In the nightcap, North Carolina also had to overcome an early deficit in its 8-5 victory over Mississippi State. The Tar Heels fell behind 4-0 almost before the National Anthem had been completed. In yet another display of shaky starting pitching, neither starter in this game was able to get through more than 5.1 innings. While the score was much lower, this game was remarkably similar in the way it played out to the first game. The Bulldogs of MSU came out swinging to score their early lead, only to be overcome by the superior pitching depth of UNC. The Tar Heels were able to stick eight unanswered runs on the board to take the lead for good, before MSU got a run late to close the scoring. While not as fast paced as the first game, this matchup completed a very good first day at the College World Series.

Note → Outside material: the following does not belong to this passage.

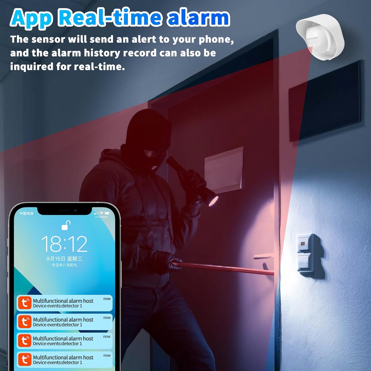 💥【Advanced Security System】: The HoneTeek Smart Motion Sensor provides reliable wireless home security with its 120-degree detection range and real-time monitoring of human infrared signals. Long Range Transmission Completely Wireless, it offers maximum detection distance of 12 meters which can monitor the moving object in real time during the day and night, ensuring comprehensive coverage of your premises.

A note about yesterday's post, "belmont" accurately pointed out in his comment my error in saying that Arizona State had played UCLA in their Super Regional when they in fact beat Ole Miss to get to Omaha. I got the series mixed up with the Cal St. Fullerton Super Regional. Thanks to belmont for being on the ball there.

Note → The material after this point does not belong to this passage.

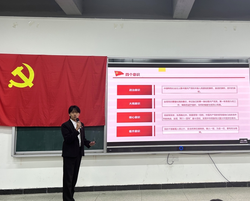 学生党员秦培钧在“微党课”中说,在社会主义现代化强国建设的过程中,青年成长成才是党和人民的殷切期望,当代青年人要学好红色历史,传承红色基因,把党的光荣传统和优良作风发扬光大,为实现中华民族的伟大复兴而不懈奋斗。

Bonds' Greeted in Boston with Asteriks

Barry Bonds made his first ever trip to Fenway Park tonight as the Giants squared off against the Red Sox. As Bonds walked to the plate for his first at bat, some fans were seen holding up pieces of paper with large asterisks on them, clearly stating their belief that the career home run record which Bonds is about to break will be a tainted accomplishment. Now I am a Red Sox fan and normally I find the Fenway faithful's antics both clever and amusing. My favorite has to be a tshirt some fans made for Johnny Damon's first trip to Boston as a Yankee which had a picture of Damon's face on the front and on the back it read, "Looks like Jesus, Throws like Mary, Actus like Judas." Now that's pretty good stuff right there. However I can't say I agree with the Boston fans on this one. To this point I haven't weighed in on the steroids issue here on Big O Sports Blog, and I hope to not have to do so again, but its relevant in this situation so here goes. First of all, Bonds has been under the microscope for a good long time now, and Major League Baseball has yet to pin a positive steroid test on him. This is the country of being innocent until PROVEN guilty still right? But that really isn't even the point. My second and most important contention is this; everyone was doing steroids in baseball. The pitchers, the hitters, probably the bat boys and the public address announcer too. Maybe even the guy that throws batting practice. You cannot arbitrarily decide to put asterisks next to certain things because they matter to you. If you want the steroid aided accomplishments to not count for anything then you'd have to wipe out an at least entire decade of everything that happened in pro baseball.

Baseball is a game that goes through phases and corrective periods. Should the marks pitcher's like Bob Gibson put up have an asterisk next to them because they were pitching from a more elevated mound? No, it is just how the game was at the time and people accept that. You have to remember that using performance enhancing drugs wasn't even against the rules in baseball until a few years ago. Bonds would not have been doing anything against the rules during the time period in which most people allege that he used steroids. How can he be a cheater if he wasn't breaking any rules?

Well that wraps it up for today. I respect everyone who can make a coherent argument on the case of steroids in baseball just to make that clear before you decide to rip into me about this in any comments you might make. Hope you enjoy your weekend and don't forget to tune into the CWS.

1 comment:

Minda said...

I won't comment on Barry Bonds here, because I've written pretty exhaustively about him at http://minda33.blogspot.com/2006/10/barry-bnds.html and http://minda33.blogspot.com/2007/03/actual-writing.html

"My" team for the CWS is definitely Oregon State. How cool would back-to-back titles be for a Beaver team that came out of nowhere last year? I cannot jump on the UC Irvine bandwagon because I had personal stake in whether or not WSU made it, so UCI can go poop on themselves as far as I'm concerned.

Have fun actually attending CWS games, I'll be sitting at home bitterly watching on TV instead. My life sucks.